В отчаянии Гриша подстерег Голотского после уроков на крыльце училища и начал объяснять ему, «как было дело».
Голотский перебил:
— Так чего же ты хочешь? Чтоб я поверил тебе, а не надзирателю? Ты только подумай, какая чепуха лезет тебе в голову.
Тридцать пять лет учительствовал Лаврентий Лаврентьевич Голотский и за эти годы не разлюбил своего дела. А значит, по-своему любил он и своих учеников, которых, правда, не уставал обзывать «дубинами», «лоботрясами», «пучеглазыми», «гололобыми» и другими кличками. Клички эти не считались обидными: то ли привычны были, то ли тон у Голотского был не злой.
Долгую жизнь прожил человек, и, может быть, прочел он многое во взгляде Григория Шумова: похоже, что взгляд мальчишки не лгал.
Про себя Голотский иначе и не называл Виктора Аполлоновича, как словом «хлюст». История «хлюста» случайно была ему известна.
Отец Виктора Аполлоновича был богатый петербургский барин. Он долго и старательно проживал свое огромное состояние и в России и за границей — в Париже, в Ницце… Ему было не до сына.

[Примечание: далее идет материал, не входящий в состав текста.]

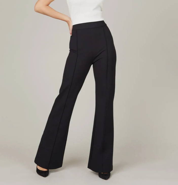 Welcome to Aspen Crossing, offering many styles that reflect the rugged beauty of our American West. Whether your style is Western Bohemian or Quiet Luxury, you’ve come to the right place! Brand: Spanx by Sara Blakely Style: Womens pull-on dress pants with front seam detail and subtle bootcut flare leg. Color: Black. Size on tag: M/M; additional size equivalents on tag EUR 38-40, UK 12-14, FR 40-42, IT 42-44, KR 66. Materials (body): 68% rayon, 28% nylon, 4% elastane; lining: 80% polyester, 20% elastane. Style/Model code: 20252R (additional tag numbers: 24745, 09152110; RN 112121). Details: Wide smoothing waistband, faux fly front, vertical front seams, rear welt pockets, stretchy shaping fabric, bootcut/flare leg opening, unlined except for internal shaping panel. Washing can change the size of a garment. It is best to compare the measurements in the photos with a garment that fits you comfortably. Please note: While every effort has been made to reproduce actual colors in photos, variations may occur on your screen.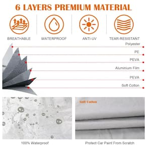 - Materiais premium: 1: Feito de PE externo e poliéster prateado, que é 100% impermeável, 2: alumínio de alta reflexão é bom em proteção solar, mantém o carro fresco em dias ensolarados. 3. Forro interno de algodão mais espesso para proteger a pintura do seu carro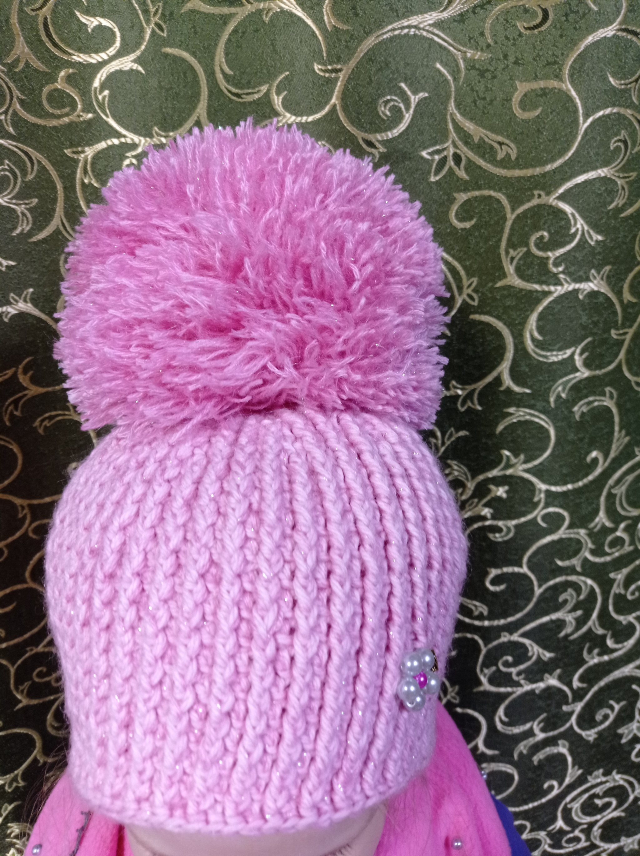 Помпон получился не только большим, но и увесистым. В результате шапка сваливалась с головы дочери. Пришлось сделать противовес в виде широких завязок.
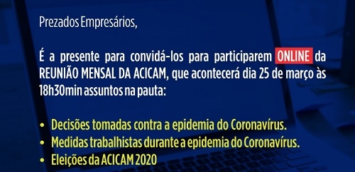 A Acicam realiza nesta quarta-feira (18h30) sua reunião mensal.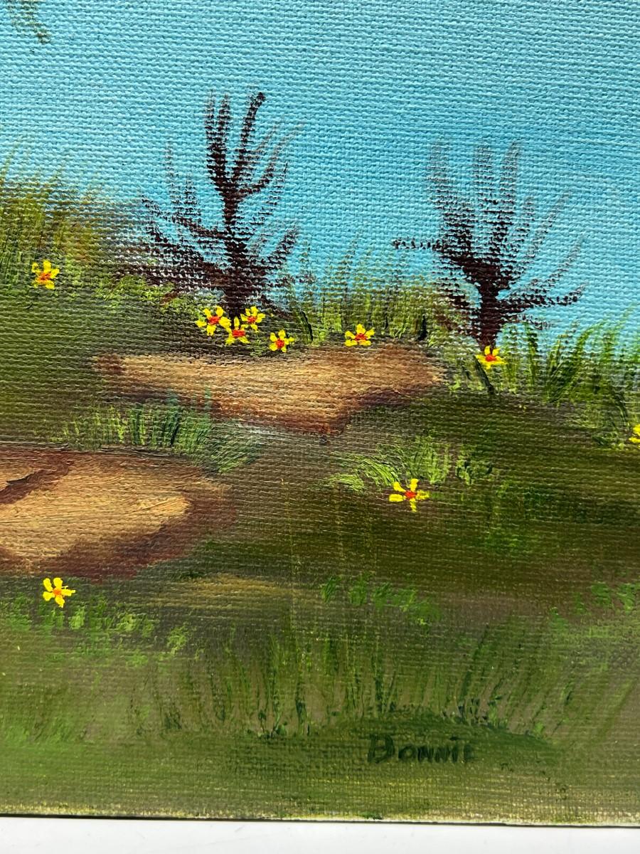 There is no significant damage to the canvas and is in overall good collectible or displayable condition. Check pictures for more details and for sizing.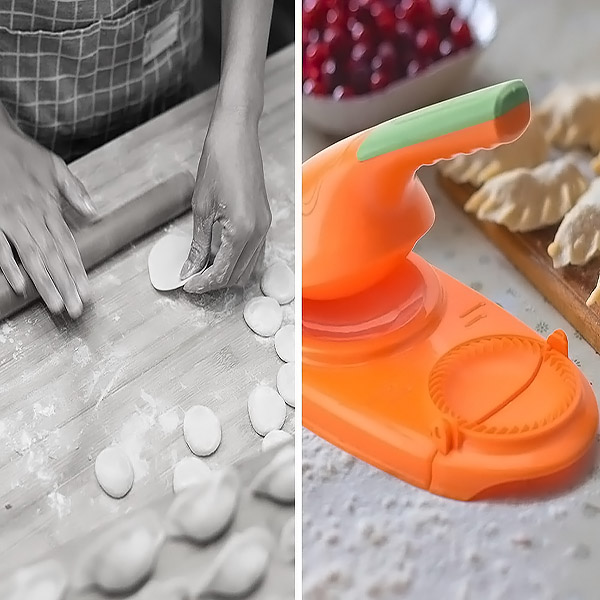 ¡Esta herramienta aplana la masa y luego sella los dumplings con una sola presión! Coloca la masa, presiona y disfruta de unos dumplings moldeados sin complicaciones, perfectos para días ajetreados o grandes reuniones.
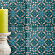 This ceramic tile is a captivating piece of artistry, boasting an intricate geometric pattern that immediately draws the eye. The design is symmetrical and features a harmonious blend of teal, dark blue, and coral hues, creating an elegant kaleidoscope effect. The pattern is composed of meticulously crafted petal-like shapes and squares that converge to form larger, blossoming figures. This attention to detail adds depth and complexity to the design, making it a mesmerizing visual experience. The tile exudes a contemporary yet timeless aesthetic. Its modern design elements are balanced with a classic color palette, making it a versatile piece that could complement a variety of interior settings. Whether used as a statement piece or to add a touch of sophistication to a room, this ceramic tile is sure to enhance any space with its unique style.
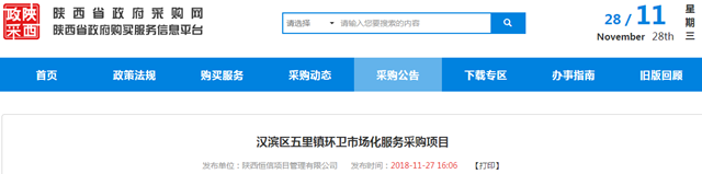 原標(biāo)題:380萬(wàn)/年,陜西省漢濱區(qū)五里鎮(zhèn)環(huán)衛(wèi)市場(chǎng)化項(xiàng)目中標(biāo)公示

Сыну тоже было не до него, но жить он хотел непременно, как отец: рано начал кутить, дальше пятого класса кадетского корпуса не пошел и к тридцати годам оказался в уездном городе, на должности надзирателя в реальном училище: никакого наследства от отца не осталось. Числилось за ним в прошлом какое-то некрасивое дело, но подробностей Лаврентий Лаврентьевич не знал и узнавать не хотел. Знал только, что Стрелецкий под судом не был, — значит, и толковать не о чем, тем более что родня у «хлюста» по-прежнему оставалась богатой, многочисленной и влиятельной: такая родня может повредить кому захочет, в том числе и инспектору реального училища.